Na última terça-feira, (29), a Emater/RS-ASCAR, junto à Secretaria de Desenvolvimento Rural do RS, publicou o estudo “Diagnóstico das Comunidades Guarani no Rio Grande do Sul”, levantamento inédito no estado que mapeia o perfil e as carências das aldeias Guarani. A pesquisa mostrou um cenário de falta de recursos básicos e estruturas precárias.
O Rio Grande do Sul tem, ao todo, 62 comunidades Guarani espalhadas por 36 municípios. Barra do Ribeiro, que fica a 60 km de Porto Alegre, concentra o maior volume de aldeias em uma só municipalidade, com seis, abrigando 321 indígenas entre elas. Ao todo, são 1.077 famílias da etnia Guarani no estado e mais de 4 mil pessoas. A aldeia Nheengatu, em Viamão, é a maior, com 200 integrantes.

A questão das terras é central para as comunidades indígenas. 27% dos Guarani vivem em terras que eles escolheram e outros 21% em terras demarcadas pelo governo. O Rio Grande do Sul tem apenas sete territórios reconhecidos pela União como pertencentes aos indígenas. Porém, a insegurança é grande para as aldeias que vivem em áreas públicas que muitas vezes são patrimônio de administração indireta do estado, por exemplo, terrenos da CEEE ou da Companhia Estadual de Silos e Armazéns (Cesa). 13 comunidades, ou 21%, estão nessa situação.
Nesses locais, há a incerteza por conta da falta de regularização da situação das famílias ali assentadas. Uma única comunidade, localizada em Porto Alegre, no bairro Agronomia, vive em um abrigo temporário nas instalações de uma igreja. A aldeia, chamada Ka’aguy Marae’ỹ ou Mato Sem Males, representa apenas 2% do total de comunidades, mas comporta 42 pessoas. “Tudo é fruto do não reconhecimento territorial”, diz Mariana de Andrade Soares, antropóloga e coordenadora do Diagnóstico Guarani.

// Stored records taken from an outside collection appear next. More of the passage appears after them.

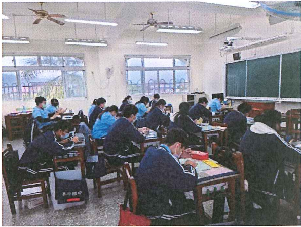
二忠英語單字比賽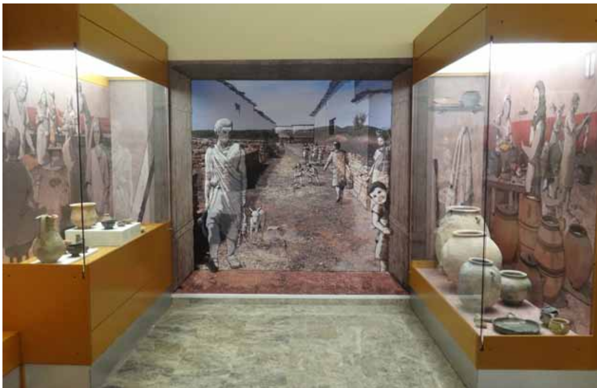
Fig. 4. Reciente remodelación de las vitrinas de Kelin (Caudete de las Fuentes) dedicadas a la comensalidad y a la cocina ibérica.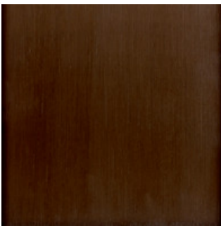
Material Aluminium eloxiert E6/C34 "dunkelbronze"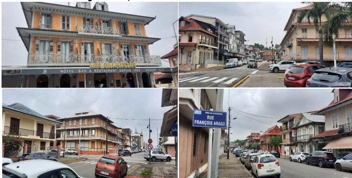
Figura 5: Arquitetura do centro da cidade de Caiena.

No centro de Caiena nos deparamos com a bela e histórica estrutura arquitetônica dos prédios antigos como apresentado a seguir.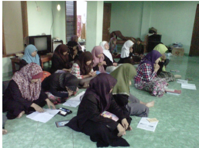
Gambar 08. Kegiatan Diniyyah santri putri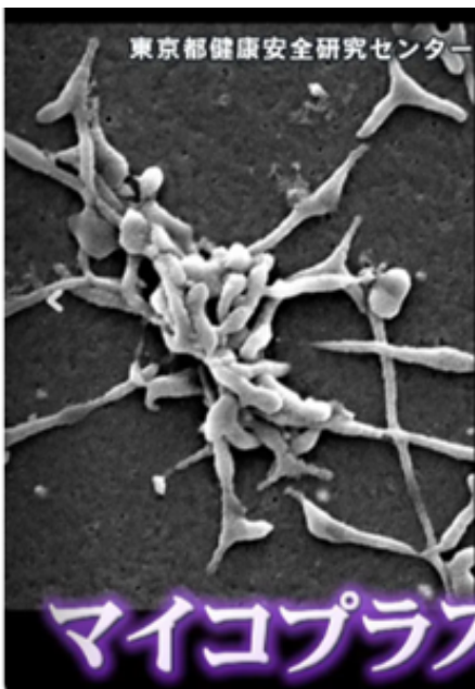
マイコプラズマ肺炎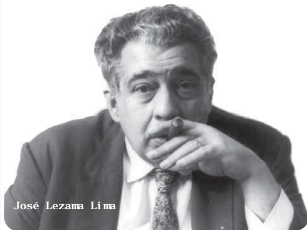
José Lezama Lima

asalariados a su servicio y bajo esa condición aceptó, por ejemplo, al notable historiador Ramiro Guerra como Secretario de la Presidencia y a Antonio Sánchez de Bustamante y Sirvén, el más importante jurista internacional que ha dado nuestro país, para que en 1928 le otorgara visos de legalidad a la arbitraria prórroga de poderes. En ambos casos eran prestigiosos intelectuales que lastimosamente ponían su talento en función de una causa innoble. Como contraparte podemos mencionar al poeta Agustín Acosta, quien en junio de 1931 le envió a Machado una carta pública en la cual condenaba sus desmanes. Como pago a su gesto cívico fue confinado en un calabozo de la Fortaleza de La Cabaña.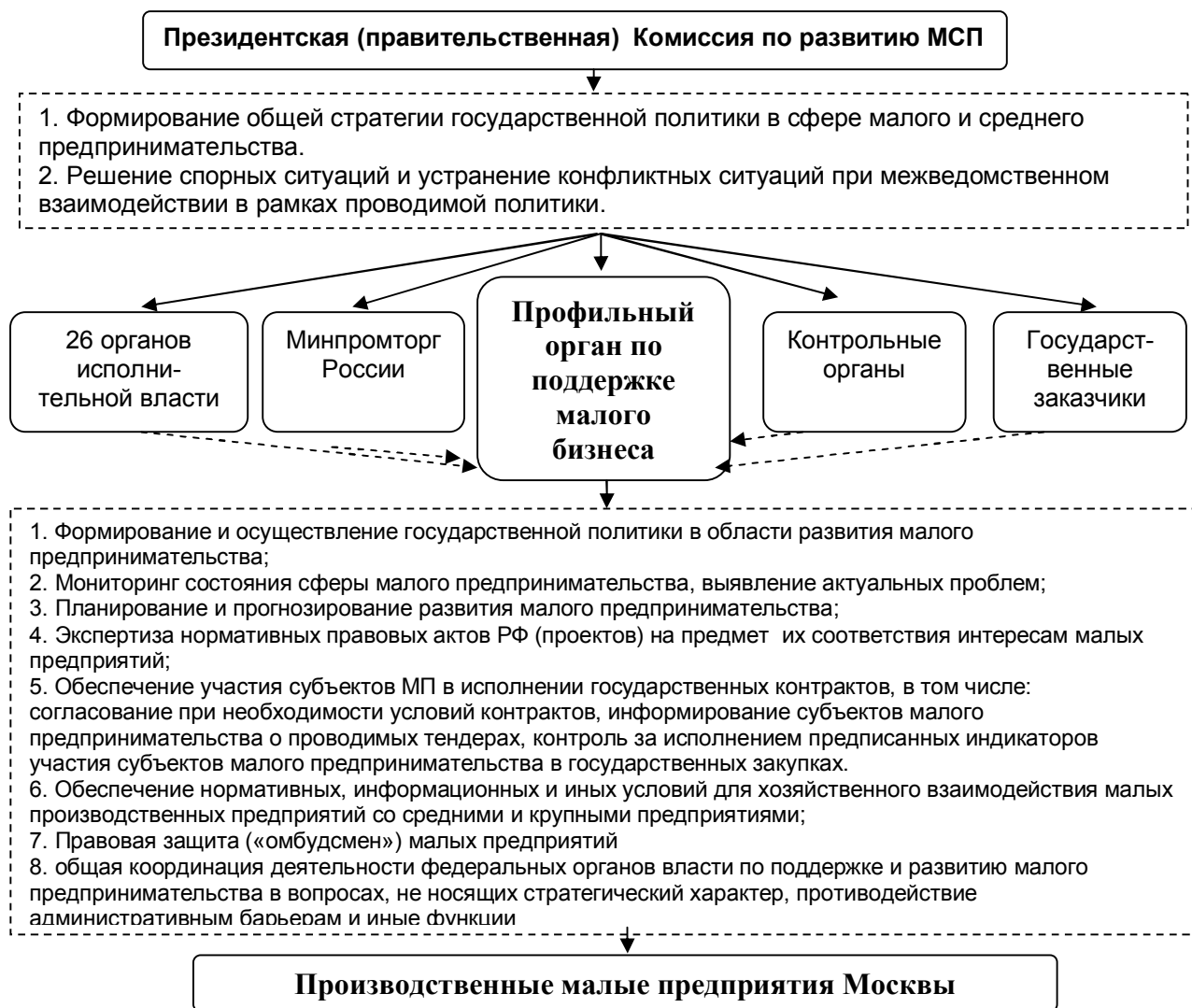
Рисунок 1. Предложения по изменению организации системы управления развитием производственного малого предпринимательства на федеральном уровне.

В работе определены зоны ответственности органов федеральной власти и органов власти города Москвы. Предложенный механизм формирования приоритетов представлен на рисунке 2.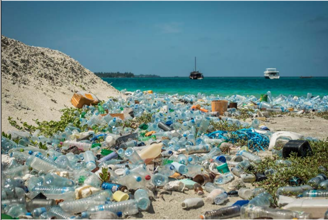
समुद्री किनारामा फैलिएको प्रदूषण।

संयुक्त राष्ट्रसङ्घ, २७ जेठ/सिन्धवा संयुक्त राष्ट्रसङ्घका महासचिव एन्टोनियो गुटेरेसले शनिवार सङ्घटन समुद्रलाई बचाउने कदम चाल्न अन्तर्राष्ट्रिय समुदायसमक्ष आह्वान गरेका छन्।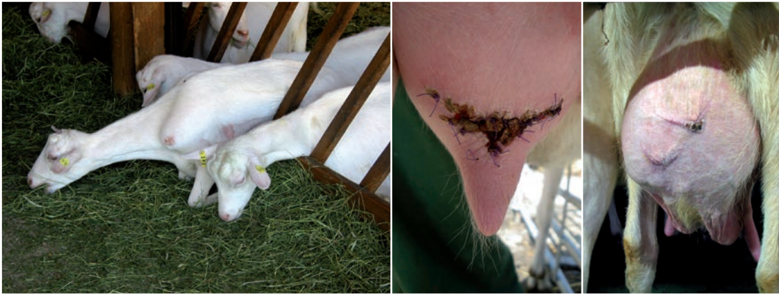
Abbildung 36: Bei größerem Abstand zwischen den Brettern können sich manche Ziegen hindurchzwängen (Foto links) und teilweise beim Zurückziehen steckenbleiben. Solche Situationen stellen ein hohes Risiko für Verletzungen dar – insbesondere in Herden mit behornten Tieren kann es dabei zu schweren Verletzungen, des Euters kommen (Foto Mitte: frische, genähte, tiefe Verletzung; Foto rechts: teilweise vernarbt)

Nackenrohr/-brett als Fressgitter möglichst vermeiden: Sie sind für Ziegen weniger gut geeignet. Sie bieten keine festen Fressplätze und insbesondere Tiere mit Hörnern haben hier Probleme, das Fressgitter schnell zu verlassen (siehe Abbildung 37). Falls Nackenrohr/-brettfressgitter verwendet werden, ist darauf zu achten, dass ständig Futter zur freien Aufnahme und in gleichbleibender Qualität vorliegt. In der Jungtieraufzucht können sie bei ausreichendem Fressplatzangebot eingesetzt werden, da die Rangbeziehungen bei Jungtieren noch nicht so ausgeprägt zum Tragen kommen und die Leistungsanforderungen an die Tiere geringer ist.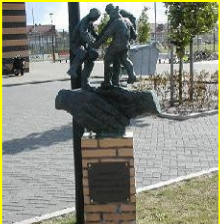
De door de Stichting "Vrienden van Reiger Boys" geschonken beeldengroep ter gelegenheid van het in gebruik genomen sportlandgoed "De Wending". Helaas weggenomen op een vrijdag in september 2009.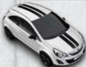
Biały Casablanca/czarne dodatki

Pakiet Linea. Przyciągające wzrok pasy na karoserii, boczne lusterka i obręcze kół ze stopów lekkich dostępne w zestawieniach kolorystycznych zaprezentowanych na grafikach.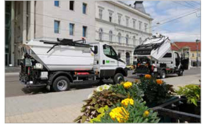
Kialakították a modern hulladékgazdálkodás alapjait.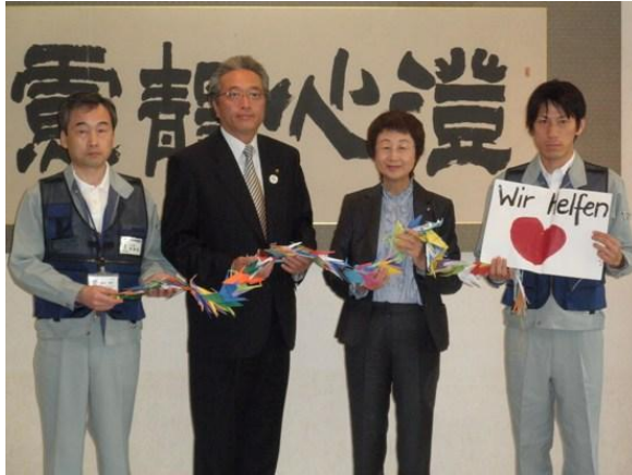
折鶴と絵画を仙台市長へ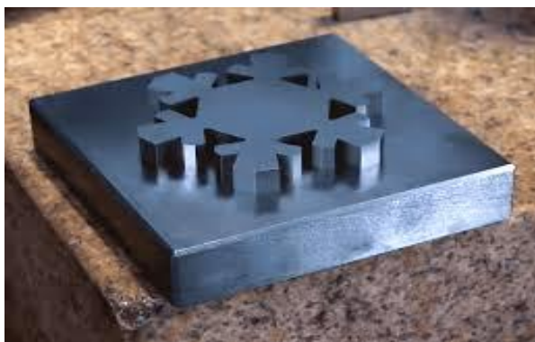
Fig. 1.1. Exemplu de figură

• Relațiile de calcul se scriu cu editoare specifice (Equation) și se numerotează la dreapta. Numerotarea acestora va cuprinde numărul capitolului, urmat de numărul de ordine al relației în cadrul capitolului;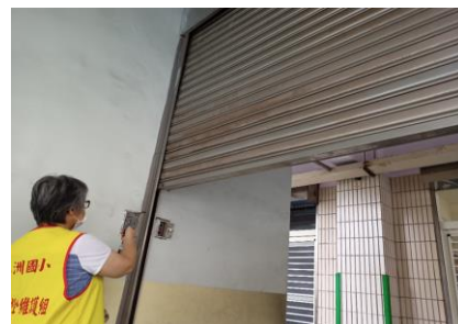
防火鐵捲門、防火門區劃確認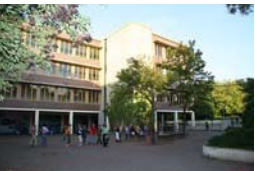
Gesamtschule Duisburg-Mitte an zwei Stand- orten

sonderpädagogischen Förderbedarf (7LE,2ES,2KM,1GG,3ES/LE,2SQ) für den 5. Jahrgang des Schuljahres 2018/2019 zugewiesen worden. Bisher hatten wir in erster Linie ES Schüler oder Schüler mit Autismus. Diese Schüler wurden zielgleich unterrichtet. Der neuen Zuteilung können wir in keiner Weise gerecht werden, insbesondere unter dem Gesichtspunkt der zieldifferenten Beschulung und „Benotung“. Gerade für diese Schüler ist die räumliche Ausstattung völlig unzureichend. An jeder Abteilung wurde in Eigenarbeit ein Auszeitraum eingerichtet, um einen möglichen Rückzugsort für die Schüler zu schaffen, da die Enge in den Klassenräumen leider oft Konfliktsituationen fördert, die bei mehr Bewegungszeit nicht auftreten würden.

O estudo foi feito junto às lideranças indígenas entre agosto e dezembro de 2024. O desafio foi encontrar as aldeias, pois os Guarani são um povo caminhante, que circula na sua área de abrangência. Segundo Mariana, ela já sabe do surgimento de novas aldeias desde a finalização do mapeamento. “Não se investe recursos públicos onde não existe regularização. Aí começa a precariedade”, afirma Mariana.
De fato, a situação das famílias é de enorme dificuldade até mesmo nos recursos básicos. 37% das comunidades têm situação vulnerável quanto ao acesso à água para consumo. Mais de 90% relatam problemas de habitação, seja pela estrutura precária ou por falta de moradias suficientes. Ainda que 80% das aldeias tenham luz elétrica disponível, menos da metade consideram a qualidade como “boa”, que não cai e se mantém estável com vários aparelhos ligados ao mesmo tempo.

A situação dos serviços públicos oferecidos é a mesma: a precariedade persevera. Três a cada quatro escolas operando dentro de um território Guarani estão situadas em estruturas que não foram construídas para serem escolas. Quase metade de todas as escolas são consideradas “precárias”, segundo o levantamento. Contudo, 71% das comunidades possuem ensino escolar Guarani, que preserva não só a língua mas outros aspectos da cultura indígena.
A saúde também é um tema sensível. Pouco mais da metade das aldeias não possuem um espaço de atendimento, seja um local improvisado ou uma Unidade Básica de Atendimento oferecida pelo governo. Entre os problemas estão o pouco apoio de transporte para determinados casos, condições de trabalho precárias, falta de médicos, infraestrutura insuficiente e outros.
O Diagnóstico surgiu da necessidade apontada por lideranças Guarani de um documento que representasse, em números, a situação precária das pessoas. “Sem o ‘papel’, nem todos estão dispostos a ouvir”, afirma Mariana, “e quem ouve são os mesmos”. Porém, apesar das dificuldades, o mapeamento quer mostrar não só as vulnerabilidades, mas também as fortalezas do povo Guarani. O Diagnóstico mostra que 97% das aldeias têm atividades agropecuárias ativas, como cultivo de mandioca e milho e criação de aves, e que o artesanato tradicional é a principal fonte de renda.
Após a publicação do estudo, haverá uma mediação com gestores municipais para que os líderes comunitários possam levar as demandas de suas aldeias para a reunião. O objetivo é iniciar um diálogo direto para iniciar um processo de formulação de políticas públicas. “O que se revela é um retrato de um duro processo histórico-colonial de violação de direitos”, conclui Mariana.